In the end, it's on Duncan's head to make the call.  Once again he is thrust into the judge/jury/executioner role that often ends up his moral duty as an immortal - though, as he expresses it "I don't judge you, Cage.  The children you left to die and the men you betrayed and murdered do that." So perhaps in this case he is only the executioner.  But the fact is - no one else can stop Kirin, and if he is evil, he should be stopped.  However, if it is possible for judgment to be suspended, it is also on Duncan's head to recognize it.

And Cage accepts Duncan's judgment.
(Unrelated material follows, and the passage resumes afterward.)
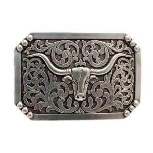 Nocona Men’s Western Bull Skull Buckle with Engraved Inlay (Silver, 2-1/2″ x 3-1/2″)
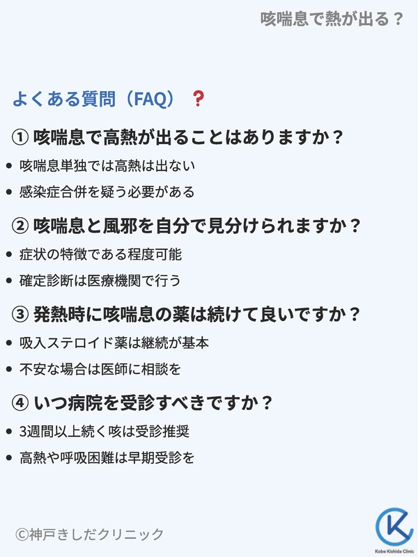 発熱を伴う咳喘息に関して、患者さんからよく寄せられる質問とその回答をまとめました。

From the beginning he understands and validates Duncan's position.  "You have a right to be angry." He tries his best to convince Duncan that his change is sincere, but he refuses to fight.  He is ready to die. "Perhaps this is the way it should be." Kirin welcomes redemption even if it means paying for his crimes with his own life.

If Cage had been a bad guy who refused to fight out of cowardice or obvious cunning, Duncan would have had no trouble cutting him down where he stood.  But not now. "Fight me, damn you! I'm giving you a chance," Duncan cries, trying to invoke the rules of  "trial by combat" that says if he wins, he was right.  "Do what you must," Cage replies.  "Then I will!"  But he can't. He runs, he swings, he ends up on his knees beside Cage, unable to take his head.  His grief for the Spanish revolutionaries and the Cambodian children is unassuaged; his unfulfilled need for justice hangs in the air - and something is born inside him.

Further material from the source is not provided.